15 Temmuz darbe
teşebbüsü, Fettullah Gülen örgütünün
Türk Silahlı Kuvvetler içindeki uzantıları tarafından
gerçekleştirilmiştir.
Bu kalkışmayı
gerçekleştirenler Ergenekon, Balyoz ve diğer soruşturmalarla Türk Silahlı
Kuvvetlerinde dürüst, liyakat sahibi subayların tasfiyesi ile boşalan yerlere getirilmiş FETO yandaşı sergüzeştlerdir.
Yani olayların bu
noktaya gelmesinin tek sorumlusu, yol ayrımına gelinceye kadar, Fethullah Terör
örgütünün her istediğini yapan “ne
istedilerse veren” AKP iktidarlarıdır.
Ancak 15 Temmuz
kalkışması ile Anayasamızın 120. Maddesinde belirtilen “Anayasa ile kurulan hür
demokrasi düzenini veya temel hak ve hürriyetleri ortadan kaldırmaya yönelik yaygın
şiddet hareketlerine ait ciddi belirtilerin ortaya çıkması veya şiddet olayları sebebiyle kamu düzeninin ciddi şekilde
boşalması…..” durumu gerçekleşmiş olduğundan, Hükümet Olağan üstü hal ilan
etmiş ve tezkereyi meclise getirmiştir.
Devleti, Cumhuriyeti
kuran, bu ülkeye demokrasiyi getiren CHP’nin şimdiki yöneticileri bu tezkereye,
sırf muhalefet yapıyor olmuş olmak için “hayır”
demişlerdir.
Buna temel gerekçe
olarak da 15 Temmuz Akşamı bütün siyasi partilerin darbeye müştereken
direndiklerini, bu nedenle OHAL ilanına gerek olmadığını ileri sürmüşlerdir.
Bir şeyi hatırlatmak
isterim, 21-22 Mayıs 1963 de bazı emekli
subayların
önderliğinde ağırlıklı olarak Kara Harp
Okulunun katıldığı bir darbe teşebbüsü yaşanmıştı.
Bu teşebbüs, 15
Temmuz kalkışmasından çok daha hafifti, ama
o tarihteki Başbakan İsmet İnönü sıkıyönetim
ilan etmişti.
Olağanüstü yönetim
tarzı elbette hoş bir şey değildir. Ama ülke yararı bunu gerektiriyorsa günlük
siyasi yarar hesabı yapılmaması gerekir. Hele CHP’nin bunu hiç yapmaması
gerekir.
Recep Tayyip Erdoğan
ve AKP iktidarları, Fethullah Gülen Terör Örgütünün devlet içinde bu kadar
palazlanmasının, dal budak salmasının, darbe yapacak hale gelmesinin tek sorumlusudur.

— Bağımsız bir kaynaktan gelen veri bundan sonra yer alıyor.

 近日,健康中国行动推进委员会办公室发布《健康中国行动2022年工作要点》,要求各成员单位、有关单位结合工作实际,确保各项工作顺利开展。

“Kandırıldık”,”aldatıldık”,”ahmakmışız” diyerek
bu sorumluluktan kurtulamazlar.
Halka anlatılması
gereken budur. Mecliste bunun hesabının sorulması gerekirken, tezkere
görüşmelerinde bundan tek kelimeyle söz edilmemiştir.
O görüşmeler
sırasında;
-Fethulah Terör Örgütünün 2012 yılında niçin
takibi yapılması gereken örgütler listesinden çıkartıldığını.
-Dış temsilciliklere,
AKP iktidarı tarafından örgütün okullarına
destek verilmesi talimatının niçin verildiğini?
-Kendi beyanlarıyla
sabit olan, örgütün istediği her şeyin verilme sebebinin ne olduğunu sormak,
Örgüt mensuplarının
AKP yönetimi döneminde kritik görevlere getirildiğini vurgulamak niye aklınıza gelmiyor?
Hangi gerekçeyle, ilk
andan beri sanki darbecilerin Fethullah Terör örgütünün ordu içindeki
uzantıları değilmiş de, bir grup sergüzeştmiş gibi, sadece “darbeciler”

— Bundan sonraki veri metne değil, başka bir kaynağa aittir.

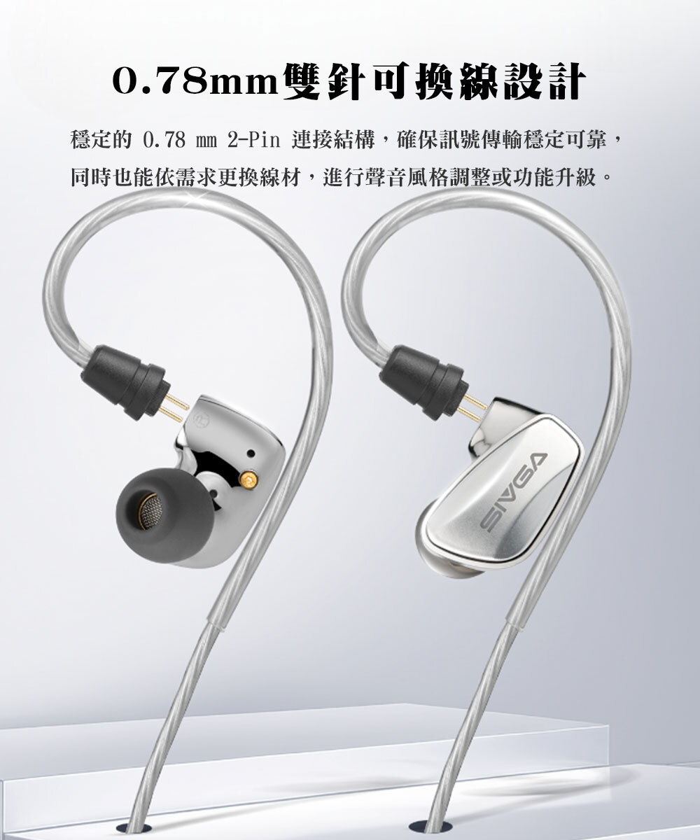 穩定的 0.78 mm 2-Pin 連接結構,確保訊號傳輸穩定可靠,同時也能依需求更換線材,進行聲音風格調整或功能升級。

tabirini kullanmaya özen gösteriyorsunuz?
Bunu yapmanızın
sebebi, parti yönetimindeki, örgütlerdeki bir kısım Fethullah yandaşının
rahatsız olmasından çekinmeniz midir?
Demokrasi,
özgürlükler diye bağıracaksanız, evvela siz içinizdeki Fethullahcıları
temizleyeceksiniz ve kaset operasyonun
parti içindeki çok iyi bildiğiniz uzantılarını kamuoyuna açıklayacaksınız.
FETO’nun adını
ağzınıza almamanızın sebebi AKP’den kaçacak FETO oyları bize gelir düşüncesi midir?

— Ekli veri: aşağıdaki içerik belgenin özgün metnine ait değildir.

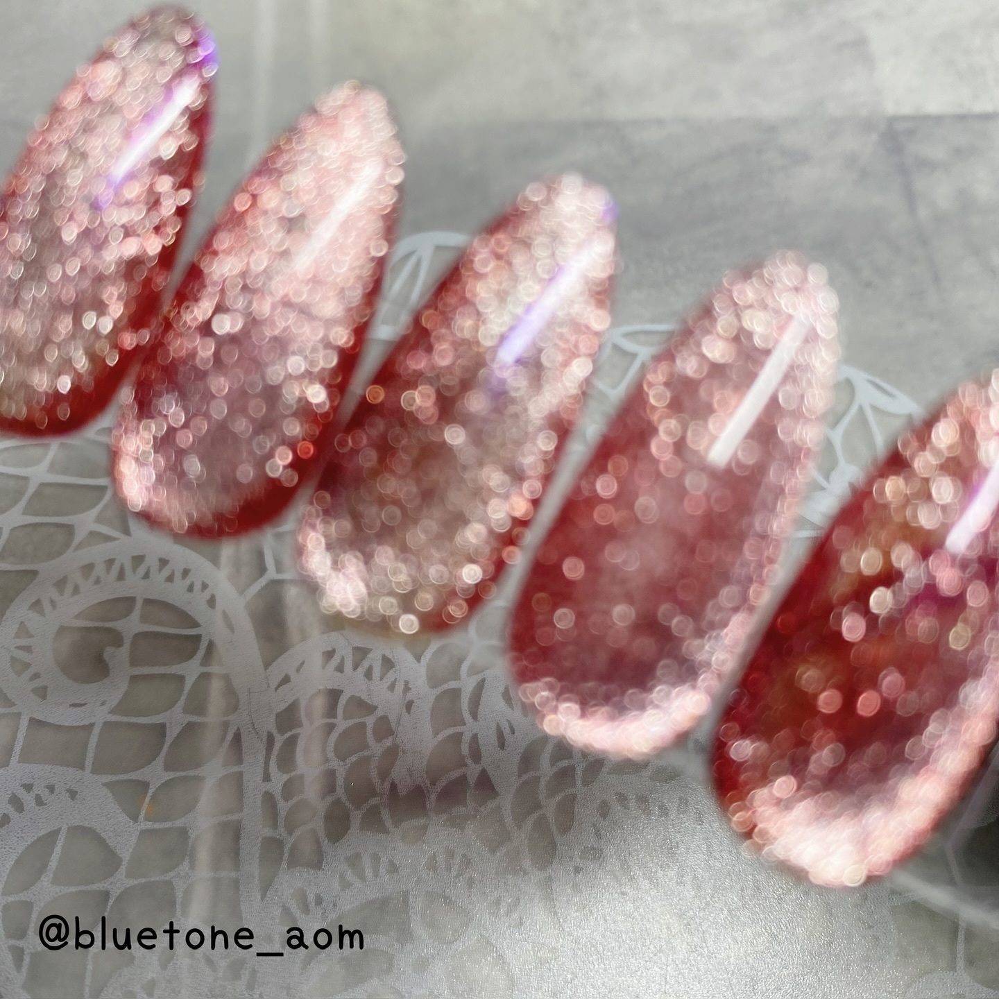 ラメがしっかりしてるし クリアカラーが入ってるから オーロラパウダー無しでも 充分キラキラしました! 反射強めのフィルムなので 実物はもっと うるうるとキラキラが強いです! ビー玉みたい🥺 ネイルシール長持ちさせたいけど ちょっと飽きてきたな〜って時とかに 全然違った印象になるのでオススメです! Seriaのベースジェル 本当にうるうるネイルしやすいので オススメしたい🙆♀️

Ama onun da yanlış olduğu son iki seçimde
belli oldu, o cenahtan oy gelmediği gibi, zaten sizin zannettiğiniz büyüklükte
bir oyları da yok.
Cumhuriyet Halk
Partisi yöneticileri, kişisel ve parti çıkarlarından önce ülke yararını
savunmak zorundadırlar.
1966 Senato
seçimlerinden önce İsmet Paşa’ya Diyarbakır’da Nurcuların CHP’yi destekleyeceği
haberi gelir, Paşa mitingde çıkar ve Nurculara ağır şekilde saldırır. Bunu niye
yaptınız Paşam diyenlere de “Bir fazla
Senatörlük için Cumhuriyet’e ihanet etmem” diye cevap verir.
Anladınız mı CHP
yöneticisi kardeşlerim.
Darbeler hükümet
merkezlerinde, yani başşehirlerde olur, nitekim bu teşebbüsünde merkezi Ankara
idi. Siz bu darbe teşebbüsünü telin için bir miting düzenliyorsunuz ama onu da
yanlış yerde, AKP’nin peşine takılıp
Ankara yerine İstanbul’da düzenliyorsunuz.